I've never been in love but strangely enough I know exactly what it would be like (long story, if you wanna know more just PM me) and I just couldnt imagine being with someone for the rest of my life and not feel exactly that. I know it wont be perfect and filled with eternal sunshine but I'm not asking for that or even seeking that. I just want 'that' feeling in real life. So far, I've yet to feel anything remotely close.
BrigidMoon
May 26th, 2006, 02:38 PM
I do believe in soul mates. Definitely!
Romani Vixen
May 26th, 2006, 04:39 PM
I didn't believe in soul mates. But then I met someone who really seems to be mine. Now.. if we could only be together...
Hope
June 30th, 2006, 11:07 AM
bump
HeavensHope
July 23rd, 2006, 02:43 PM
I believe in soulmates...all different types of soulmates.

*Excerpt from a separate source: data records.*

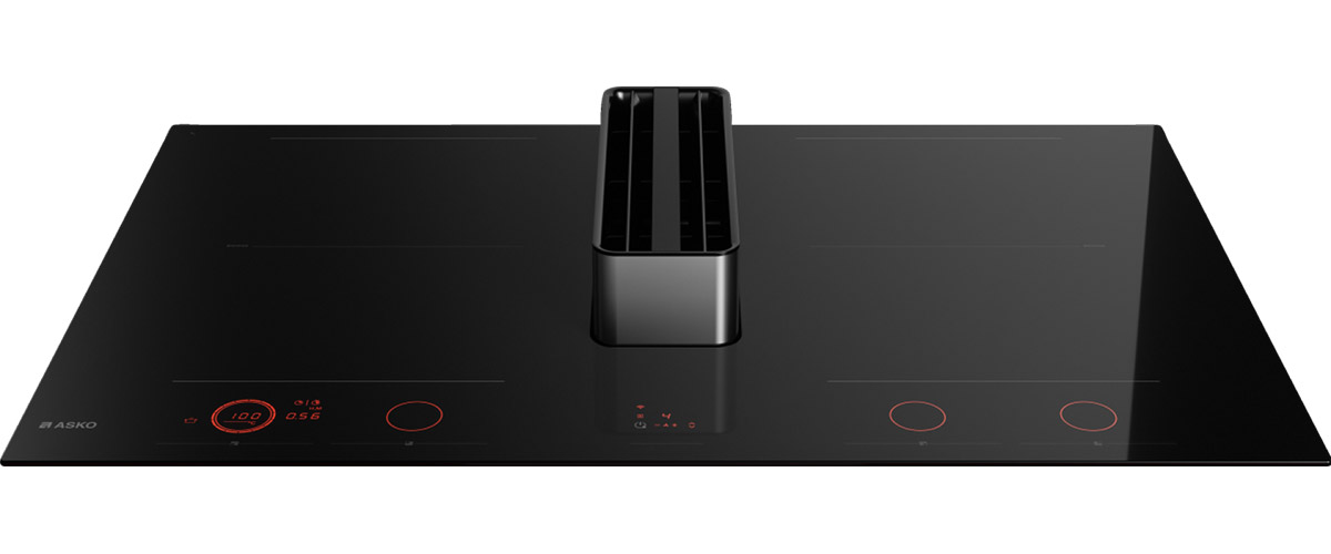 По умолчанию вытяжка автоматически поднимается при работе индукционной варочной панели. В поднятом положении вытяжка улавливает пары более эффективно особенно если вы готовите в высокой посуде.
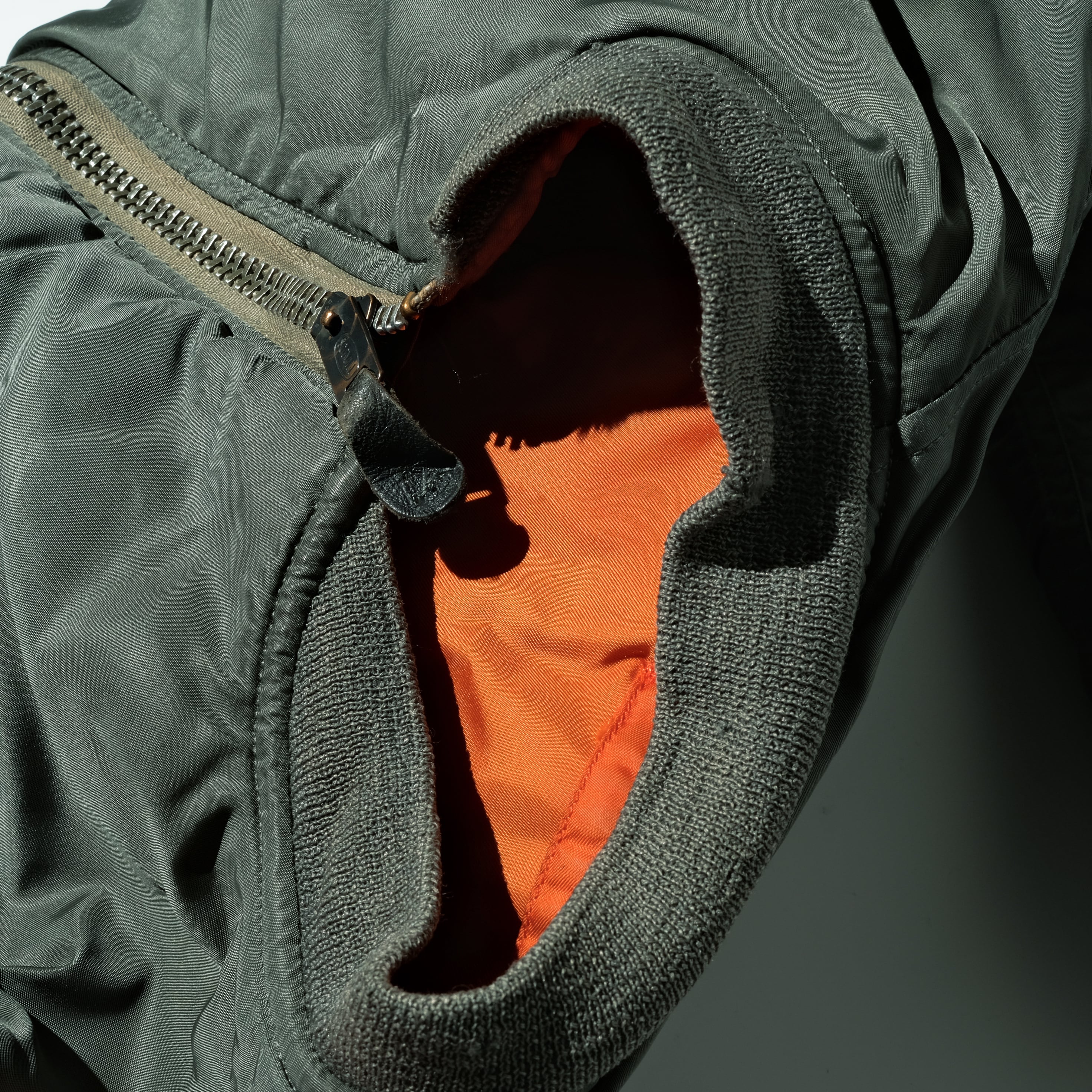 言わずと知れた名品、MA-1。オリジナル品の機能的なシルエットはやはり一癖あり、リプロダクト品とは完全に違った風格のあるアイテムです。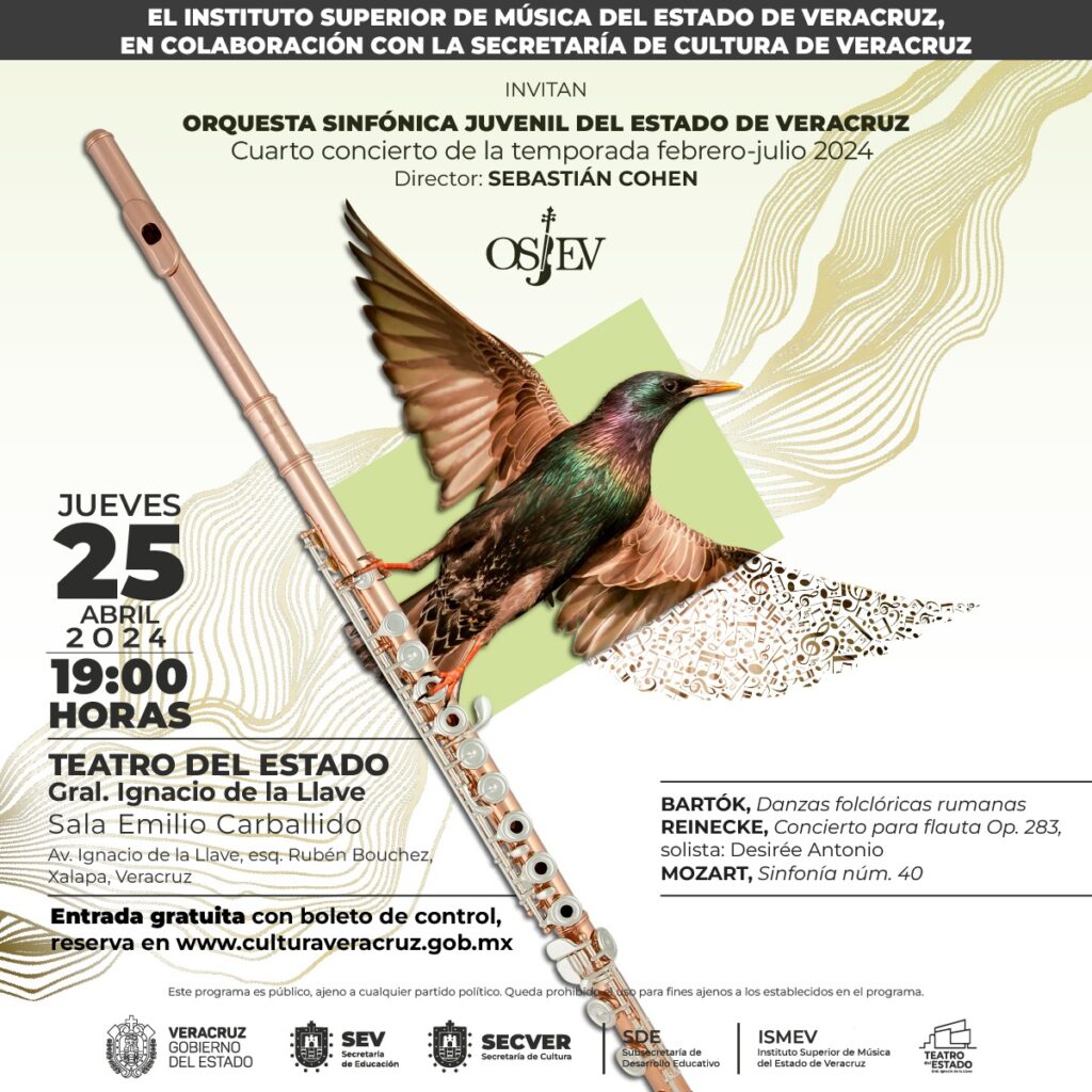 El concierto se llevará a cabo el jueves 25 de abril del 2024 en la Sala Emilio Carballido a las 19:00 horas en el Teatro del Estado «Gral. Ignacio de la Llave». La orquesta ofrecerá una experiencia que llevará disfrutar de las melodías de Bartók, Reinecke y Mozart.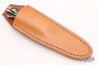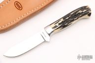 This knife by Bill Kennedy features a satin finished drop point blade with a full tang construction.  .089" Blade Stock.  .672" Blade Depth. The handle features a nickel silver guard, stag scales and mosaic pins.  Includes a brown Parson’s leather sheath.  New from maker.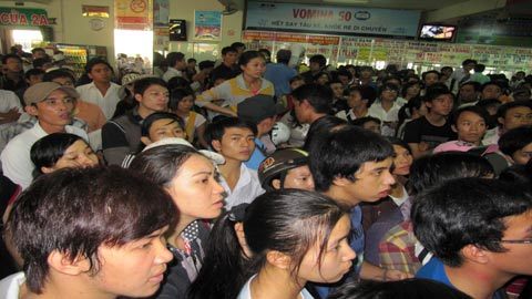 miền Đông, quận Bình Thạnh để mua vé về quê. Quá nhiều người kéo đến quầy vé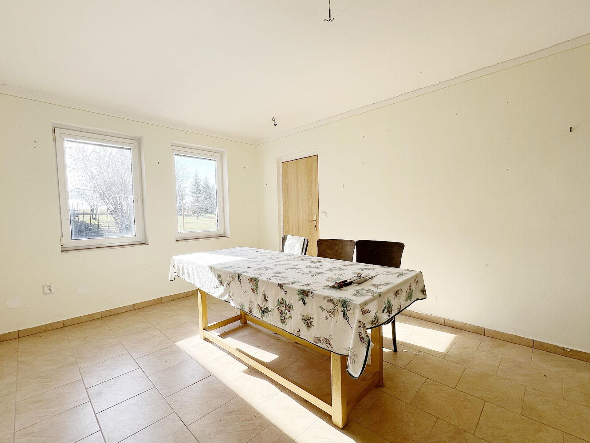 Naproti domu stojí samostatný výměnek, ve kterém je kuchyň, koupelna, pokoj, špajz a předsíň, dílna, garáž a sklep. Oba domy jsou zděné, je v nich zavedena elektřina, topí se v kamnech a jsou připojeny na studnu a kanalizaci. Na pozemek je přiveden vodovod.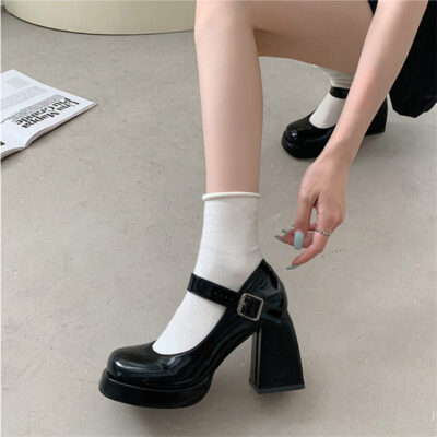 Giày Mary Jane đế dày chống nước đế dày tăng hot girl Nhật Bản da bóng màu đen cá tính Giày cao gót da nhỏ kiểu Pháp
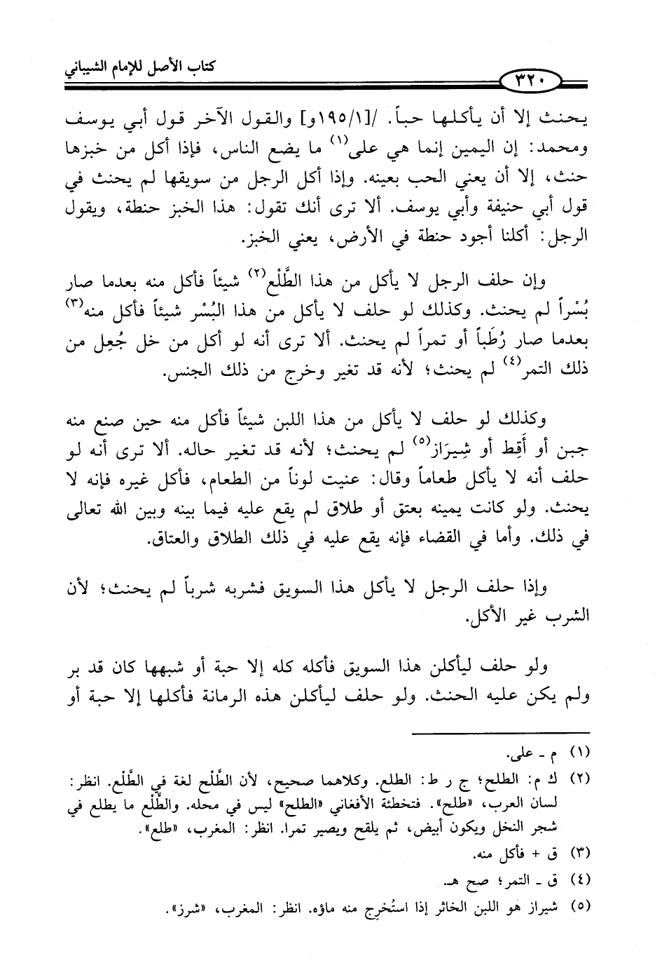 وكذلك لو حلف لا يأكل من هذا اللبن شيئاً فأكل منه حين صنع منه جبن أو أَقِط أو شِيرَاز (¬5) لم يحنث؛ لأنه قد تغير حاله. ألا ترى أنه لو حلف أنه لا يأكل طعاماً وقال: عنيت لوناً من الطعام، فأكل غيره فإنه لا يحنث. ولو كانت يمينه بعتق أوطلاق لم يقع عليه فيما بينه وبين الله تعالى في ذلك. وأما في القضاء فإنه يقع عليه في ذلك الطلاق والعتاق.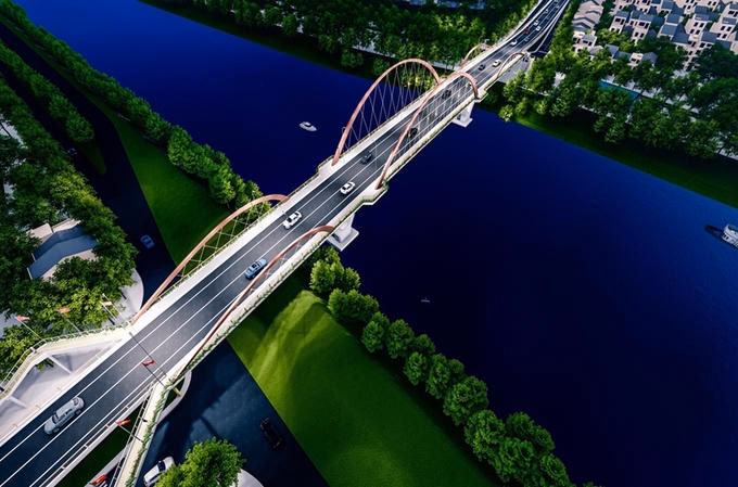 Phần cầu dẫn phía Á Lữ gồm 4 nhịp; phần cầu dẫn phía Mỹ Độ gồm 3 nhịp. Đường dẫn lên cầu có chiều rộng nền đường 36m, mặt đường 18-21m. Tổng kinh phí xây lắp gần 300 tỷ đồng từ nguồn vốn vay của Ngân hàng Phát triển châu Á và vốn đối ứng ngân sách TP Bắc Giang.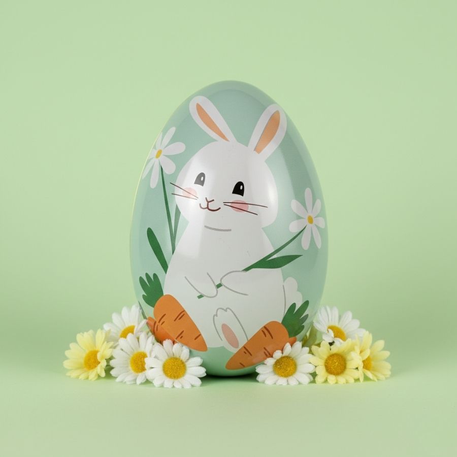 Este ovo de metal se diferencia pelo design temático detalhado, pelo acabamento refinado e pela estrutura resistente, proporcionando durabilidade e excelente apresentação. Sua versatilidade permite o uso como embalagem decorativa para chocolates, doces, lembrancinhas e pequenos presentes, além de compor cenários temáticos, vitrines comerciais, aparadores e centros de mesa. A estampa Jardim do Coelho agrega charme artesanal e valor percebido ao produto final, tornando cada composição mais atrativa, elegante e memorável para o consumidor.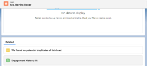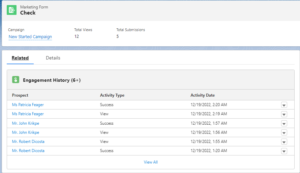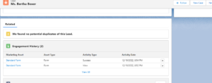 Engagement History of Lead Record After Filling the Form: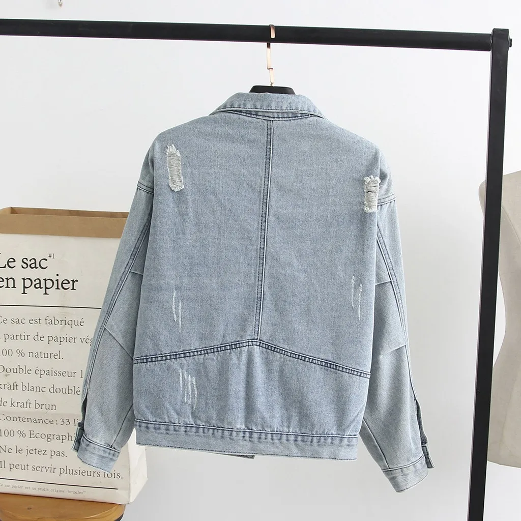 Женская свободная винтажная джинсовая куртка с длинными рукавами, короткая верхняя одежда, пальто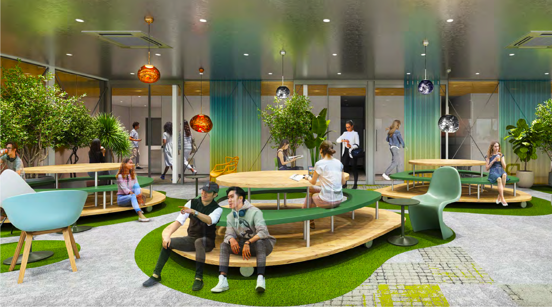 エントランスからガラス越しに見ることができ、FINDER BASEのクリエイティビティと自由を象徴する場となります。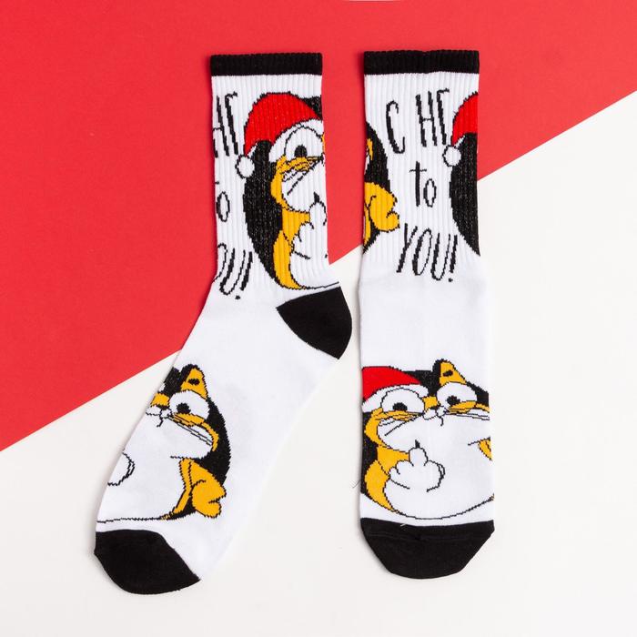 Носки новогодние мужские KAFTAN "F*ck" размер 41-44 (27-29 см), белые — Характеристики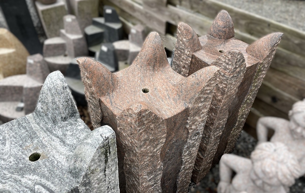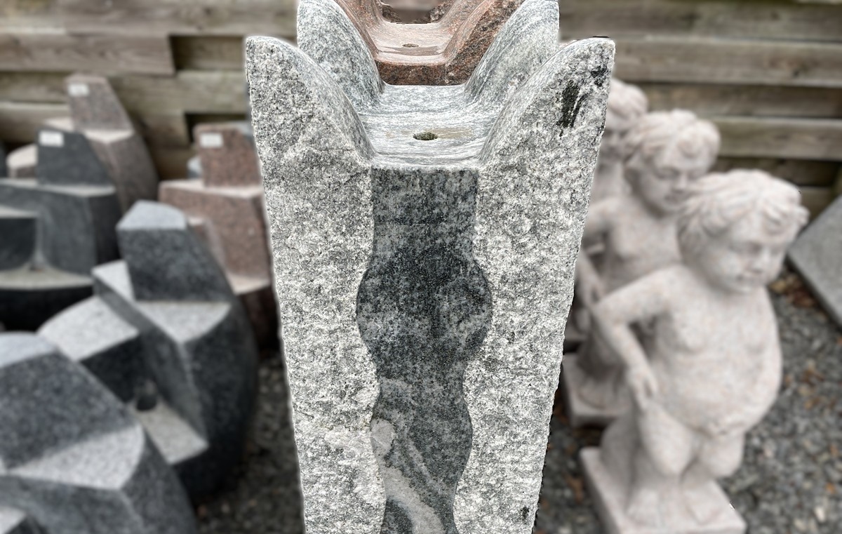 Vandsten lavet i to typer granit kaldet grå kuppam og rød multicolor - to granittyper der har flotte varierende farvespil og giver liv til vandstenen. De polerede og ellers rå overflader skaber en spændende kontrast.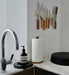 Wipe with a soft, damp cloth after use. Avoid acidic foods, harsh chemicals, and abrasive pads. Marble may be buffed with a touch of clean, natural oil to restore its shine. Brass and aluminum will slowly deepen in color, gathering the soft patina that comes only with time and touch.

Not sure if you mean just the people that are meant to come into your life like friends and family or the other kind. Your other half...
As for the other half thing, I believe in it.
I've loved but never been in love. I've been in many good relationships, some great..with great guys but inside I always feel like there's something missing, this little aching in the corner of my heart. The aching I've tried to ignore and push away but always stays.
I told myself I'd never marry anyone unless I find someone that will complete me emotionally...someone I can click with on a much deeper level.
In case anyone is wondering...no that aching is a feeling of unhappiness or missing anything in my life like career...I've always had my school and career life in tact. I know exactly what I want and how to attain it. For the most part, I feel that I have a pretty good life, other then my current money issues (due to lack of work), I'm a fairly happy person.